Photo: Adobe Stock

Taming the Wild West of Big Data

5 min readFeb 26, 2021


In the era of Big Data — where public and private data is abundant, and keeps growing — everyday residents might not realize how they generate volumes of data throughout their days in ways that are both innocent and serious; visibly apparent and covert. Their data reveals both mundane and intimate details about their habits, movements, and lifestyles.

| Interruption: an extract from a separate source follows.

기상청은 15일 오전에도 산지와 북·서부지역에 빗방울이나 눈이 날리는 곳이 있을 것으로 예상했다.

Every time a person uses an app to order a meal, log their 10,000 steps, look up driving directions, buy a coffee, or report a public works issue, they’re generating data. As consumers, we appreciate the conveniences this connected world provides. We accept the tradeoff that we’re surrendering a bit of personal data in exchange for a simple convenience. However, consumers accept this tradeoff with the belief that these data holders and new users of this data will act in a principled way. Some may, some may not. Therein lies the rub.

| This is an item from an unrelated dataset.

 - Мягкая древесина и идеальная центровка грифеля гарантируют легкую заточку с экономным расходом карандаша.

The relatively new practice of processing all of this data goes beyond long-standing disciplines like statistics and survey analysis. Technologists now use Machine Learning and Artificial Intelligence to process these large volumes of information to try and make them actionable and insightful.

Indeed, the combination of huge amounts of data plus powerful computing leads to an ethical fork in the road. Cue the literary references: We’ve opened Pandora’s Box. We’ve created a Frankenstein of data. With great power comes great responsibility.

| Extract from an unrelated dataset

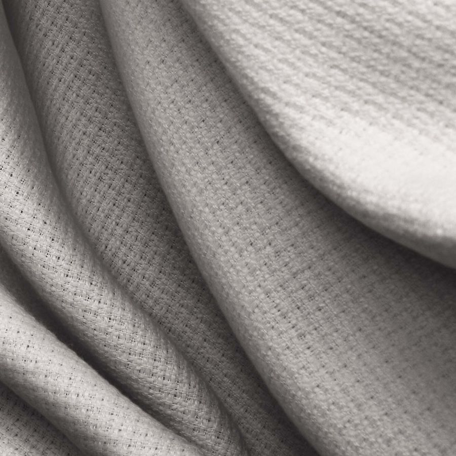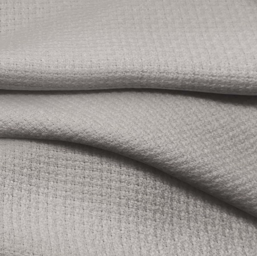 La tela base es un tweed de 420 gr/m2, 100% poliéster, de 150 cm de ancho. El color liso impreso es un gris plata pálido, con un CMYK de 28 25 27 4. Este color se caracteriza por su elegancia y sofisticación, reflejando un estilo moderno y refinado. El gris plata pálido es neutral y combina bien con colores fríos como los azules y los verdes, así como con tonos más cálidos como el rojo y el naranja.

But in real life practice, we cannot shrug off our ethics to a metaphor.

Privacy is a real issue with real risks. This is an issue worthy of thoughtful, nuanced debate to balance the public’s interest against such risks. The world of passive data has largely operated in an unregulated, Wild West fashion for too long. A common misperception among users of data is that privacy and quality insights are somehow at odds with each other.

At Replica, we believe that in order to gather useful insights — such as timely and informed decisions on how to keep residents and essential workers moving and safe during COVID — we shouldn’t need to sacrifice individual privacy.

Absent regulation or standards, the scales of data insights vs. privacy will continue to operate in a gray area where the holders and consumers of this data are left to self-police. Without clear rules of engagement, the next era of data usage requires ethical leadership and the courage to do the right thing.

At Replica, as technologists, data scientists and former public officials, this self-policing is why we cannot — and will not — compromise on our ethical leadership when it comes to privacy protection.

We use Replica’s technology to build models from different data sources independently so that we abstract out potentially identifying details of any individual before combining these models into our aggregate outputs. We never attempt to re-identify individuals from our source data, and forbid our users from doing so as well in our contracts.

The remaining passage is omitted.